Today Nicholas Vita is the CEO of Apriligen, a role he has had at other companies – including those he has Co-Founded. Since the company was created, they have created a product which is now ready for clinical trials, and developed a process for treating patients. Patient stem cells will be removed in a minimally invasive process by administering growth factors and antibodies which activates the stem cells to leave the body. After the gene transfer process, the stem cells will be frozen down, and quality checked. After about a month, the now healthy stem cells, can be permanently administered back to the patient.
– If everything works as it should, the effect will show within weeks, when the healthy stem cells grow and produce red blood cells, says Johan Flygare.
The team has also been performing efficacy and safety tests in patient cells and animal models, to be able to submit applications for clinical trials to the Swedish Medical Products Agency and the U.S. Food and Drug Administration.
The trial will be set up at several sites including the Skåne University Hospital, Sweden, and hospitals in the Netherlands and in the USA.

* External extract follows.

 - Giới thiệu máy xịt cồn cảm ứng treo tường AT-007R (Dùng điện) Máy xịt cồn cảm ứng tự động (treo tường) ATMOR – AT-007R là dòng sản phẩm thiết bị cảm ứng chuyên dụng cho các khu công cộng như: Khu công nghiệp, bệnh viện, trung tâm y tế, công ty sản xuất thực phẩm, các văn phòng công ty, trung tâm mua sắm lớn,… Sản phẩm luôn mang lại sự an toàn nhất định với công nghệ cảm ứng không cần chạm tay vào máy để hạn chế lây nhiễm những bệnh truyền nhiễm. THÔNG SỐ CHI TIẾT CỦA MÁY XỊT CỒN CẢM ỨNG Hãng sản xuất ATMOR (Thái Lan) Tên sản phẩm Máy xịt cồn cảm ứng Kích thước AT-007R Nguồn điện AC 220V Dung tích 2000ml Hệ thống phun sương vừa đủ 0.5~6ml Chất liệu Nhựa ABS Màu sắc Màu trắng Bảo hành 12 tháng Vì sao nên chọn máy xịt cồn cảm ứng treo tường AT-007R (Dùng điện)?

Lund’s scientific ecosystem - a catalyst for advanced therapies
Lund Stem Cell Center has been instrumental to the project’s success according to Johan Flygare. This includes the exchange of knowledge with colleagues working on similar projects, the international networks and the multidisciplinary researchers and students. Being part of an environment with a long-term vision has been important, as has the administrative and innovation support.
Nicholas Vita reflects that the open environment at the Stem Cell Center, and at the University, was key to setting up the company.

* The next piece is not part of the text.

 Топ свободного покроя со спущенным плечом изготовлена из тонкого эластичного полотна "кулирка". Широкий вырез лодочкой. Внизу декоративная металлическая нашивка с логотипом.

– The Stem Cell Center is a magnificent incubator that has had enormous success. The innovation and research out of Lund have been incredible, and the Vice-Chancellor extraordinary in his support of us.

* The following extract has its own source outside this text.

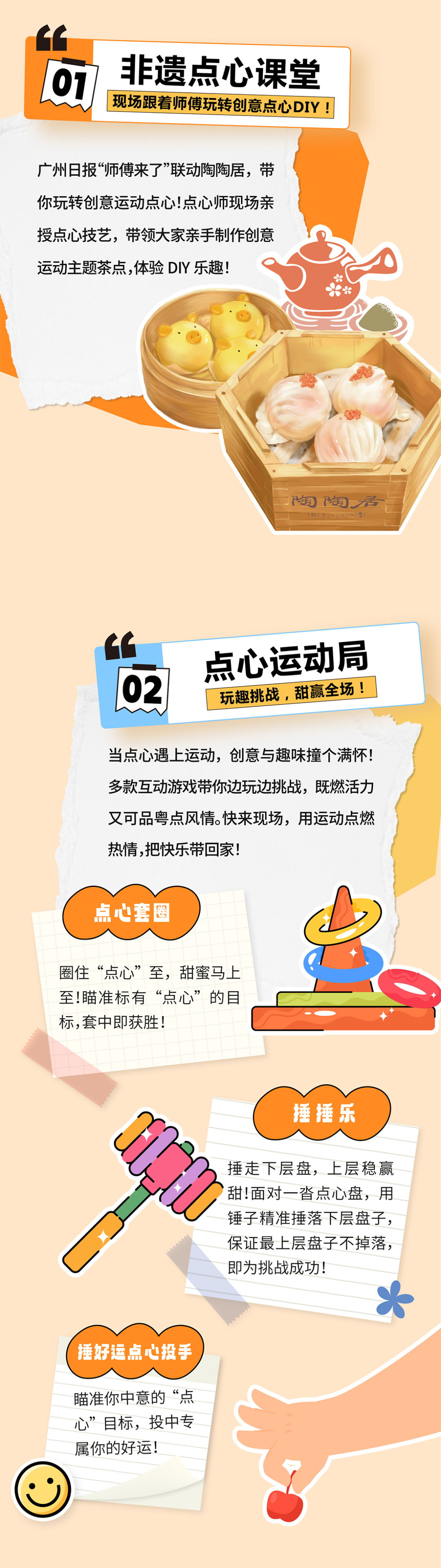 想亲手制作独一无二的创意点心吗?广州日报“师傅来了”栏目联合陶陶居,在活动现场打造“点心课堂”。经验丰富的点心师傅将现场教学,带领大家共同制作创意茶点。快快来报名吧,名额有限,先到先得哦!现场还有惊喜礼物领哦!

In 2024, Apriligen received news that a well known US Venture Capital firm has offered to fund the first clinical trials.
Charting the future toward the clinic
What are Johan and Nicholas’ hopes, now they are on the verge of the next crucial step for Apriligen?
– An immediate wish is for the clinical trials to begin so Apriligen can treat patients and prove that our system not only works – but fundamentally expands the number of ways we can apply our technology, says Johan Flygare.
Since DBA sufferers that rely on chronic blood transfusion only tolerate this treatment for a limited time due to progressive buildup of iron from the donor blood, many children with DBA have to get stem cell transplantations from other donors, a treatment which is harsh, often risky, and does not always work.
Nicholas Vita says that they have three main goals with Apriligen.
– Number one is to show that the therapy works, and that there are better alternatives out there for children to give them back their lives. Number two is to prove to the world that we can create a platform approach to rare disease and gene therapy that allows a degree of scalability, that will not only help researchers get funding, but will also help companies create more efficient and attractive business models.
– Number three is about showing that rare disease can change lives in a profound way, and can be an lucrative investment at the same time. And a final, unofficial goal – the one that drives the team’s passion and dedication, is to validate the trust and confidence we have received from affected children, their parents, the University and the regulators.
Underlying all of their work, is their personal passion and never ceasing motivation for both Johan and Nicholas to help patients to live long, happy and healthy lives.
– From when I first started out as a doctoral student, I knew that I wanted to contribute to better treatments for patients, says Johan Flygare.